Importantly, even if an initial response to targeted therapies is successfully obtained, it is likely that the majority of tumours will at some later point acquire resistance to therapy, and become refractory to treatment [128]. This can either be a result of the acquisition of additional mutations or alternatively arise from the outgrowth of a resistant sub-clone already present in the tumour cell population. In the clinic this has been exemplified by tumours that acquire mutations of BCR-ABL, KIT, PDGFR and EGFR during treatment, where the mutated proteins are no longer susceptible to inhibition by the targeted agent, but retain enzymatic activity and the ability to promote cell growth and survival [141,142]. As PI3K inhibitors progress through the clinic it is possible that acquired resistance may also become a factor. Zunder and colleagues have addressed this issue using a S. cerevisiae screen against a structurally diverse panel of PI3K inhibitors [143]. They identified a potential hotspot for resistance mutations (PIK3CAI800) and a drug-sensitizing mutation (PIK3CAL814C). Resistance to small molecule inhibitors of protein kinases can occur as a result of mutations at one particular position in the active site. This mutated residue is known as the gatekeeper because it controls access to a large hydrophobic pocket in which most protein kinase inhibitors bind, and mutations of this type have now been reported for a number of protein kinases. In the case of EGFR, the gatekeeper mutated proteins retain receptor tyrosine kinase activity, but do not bind the EGFR inhibitor [141]. Importantly, the screen of Zunder et al. did not reveal resistance mutations at the gatekeeper residue and, in fact, these were unlikely to occur with PI3K inhibitors as introduction of gatekeeper mutations into PIK3CA resulted in a loss of enzymatic activity. Thus, the induction of resistance to PI3K inhibitors by this mechanism may be less likely than is the case for many protein kinase inhibitors.

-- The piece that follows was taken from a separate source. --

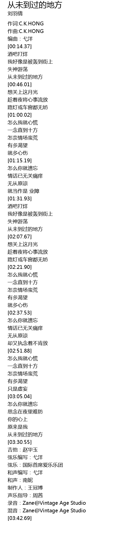 | [00:41.98] | cóng wèi dào guò de dì fāng |

In summary, predictive biomarkers are now emerging that will help us to select patients that are more sensitive to PI3K inhibition. It is already clear that sensitivity and resistance is multifactorial and that the biomarkers already identified, including phosphorylation of PI3K pathway substrates, PIK3CA mutation, wild type KRAS and BRAF, loss of PTEN expression, HER2/ERBB2 amplification, and gene expression signatures, should be seen as useful enrichment biomarkers rather thantruly predictive biomarkers at this time [3,108]. There are likely to be confounding molecular factors affecting sensitivity and resistance in cancer cells and in addition the effects of PI3K inhibitors on processes such as angiogenesis and the tumour microenvironment are also likely to be important and contribute to therapeutic activity. The particular tumour type context and the particular isoform selectivity profile of the individual agent may well be important. Continuing research is needed to fully define, scientifically and technically validate, and clinically qualify the predictive biomarkers needed for eventual patient stratification in the event that PI3K inhibitors receive regulatory approval.

CLINICAL TRIALS IN CANCER

A number of class I and dual class I/mTOR inhibitors have now entered clinical trial [144]. In this section we provide an update on the current status.

Pan-Class I Selective PI3K Inhibitors

Pan-class I selective PI3K inhibitors have been shown to be well-tolerated and, in general, to induce minimal and reversible effects on serum glucose despite the established role of p110α in regulating insulin signalling. Other effects with ATP-competitive PI3K inhibitors include skin toxicity (rash and urticaria). Encouragingly, tumour responses stable disease and other signs of clinical efficacy have been reported in many clinical studies and in a variety of human cancers.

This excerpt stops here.